I spent yesterday driving back to Ottawa (yay for family visits, yay for roadtrips!), and meant to take today slowly to recover. Stuff came up, slipping the day away from me, so it’s taken longer to write this than I meant.
Let me tell you what I’m doing tonight. Each Sunday night since the middle of April or so, a group of friends and I log onto a private Minecraft server (hosted generously by one of our number) and spend a few hours chatting away while we play.
This isn’t a new thing for this group. We’ve been doing this, on and off, for around eight years. It’s how we became friends, most of us, playing Minecraft after school with an audio call going. (The size and composition of the group has varied over time—there are around five to ten of us on the server when we get together nowadays, a figure that sometimes includes siblings or significant others.)
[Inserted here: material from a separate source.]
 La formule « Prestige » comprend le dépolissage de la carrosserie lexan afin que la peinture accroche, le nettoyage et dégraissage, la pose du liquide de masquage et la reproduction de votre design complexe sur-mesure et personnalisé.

Over that time, we’ve played a few different Minecraft worlds, usually generating a new one if we’d taken a long pause since playing together (anywhere from months to years). We generated this one as the mental load of the early lockdown grew heavy. We needed a space to gather, to talk, to be, that also kept us safe. Minecraft offered that space.
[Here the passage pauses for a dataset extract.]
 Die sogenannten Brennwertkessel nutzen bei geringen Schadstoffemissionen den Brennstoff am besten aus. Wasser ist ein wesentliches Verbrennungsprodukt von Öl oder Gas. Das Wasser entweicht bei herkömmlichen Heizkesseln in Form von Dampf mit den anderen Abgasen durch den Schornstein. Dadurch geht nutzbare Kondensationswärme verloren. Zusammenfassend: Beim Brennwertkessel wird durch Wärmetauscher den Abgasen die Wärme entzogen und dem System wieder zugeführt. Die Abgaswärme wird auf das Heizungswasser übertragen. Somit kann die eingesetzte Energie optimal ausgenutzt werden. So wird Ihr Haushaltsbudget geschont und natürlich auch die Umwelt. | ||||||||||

The world that was generated for us (by the game, randomly) this time around is a pretty special one. We live on a peninsula:
- It’s large, the peninsula, but not unwieldy: you can walk around it in an in-game day, if you know your way.
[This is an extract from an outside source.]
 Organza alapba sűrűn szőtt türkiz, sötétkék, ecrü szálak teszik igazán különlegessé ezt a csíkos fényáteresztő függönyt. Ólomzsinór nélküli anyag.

- It contains a wealth of biomes: a plain, forests, mountains, and more.
We’ve also built on this peninsula:
- On the plain, beside a lake (artificially enlarged through our efforts), is our town, which includes a number of amenities (including several automated “factories”). It’s a community effort, though a few of my friends are more active in the town than others. (I’m probably a freeloader—I pitch in labour or materials, but am hardly a major contributor.)
- Some of us have our own houses or bases outside of town, in various corners of the peninsula. To connect these spots, we’ve built both a canal and a rail network. (Most of my friends prefer to fly around, now, taking advantage of some late game items, but I still prefer the slower routes—sometimes I’ll ride a horse or walk, even, in lieu of the formal transportation network.)
Me, I live off in a far-flung corner of the peninsula, across a mountain range, on a spire of rock that extends straight up from the ocean floor, cut off from the mainland by a small bay. My base is almost entirely hidden away, in an extensive and beguiling cave network that extends far below and beyond my spire.
There’s probably something to glean about my psyche from this, my hiding inside and not going out much—perhaps I’ve allowed the values and practices of the lockdown to inform my gameplay. But the act of being in the same “place”, of working on projects together, of spending time chatting with friends—it’s been a glorious antidote to some of the heavier thoughts and feelings from these days.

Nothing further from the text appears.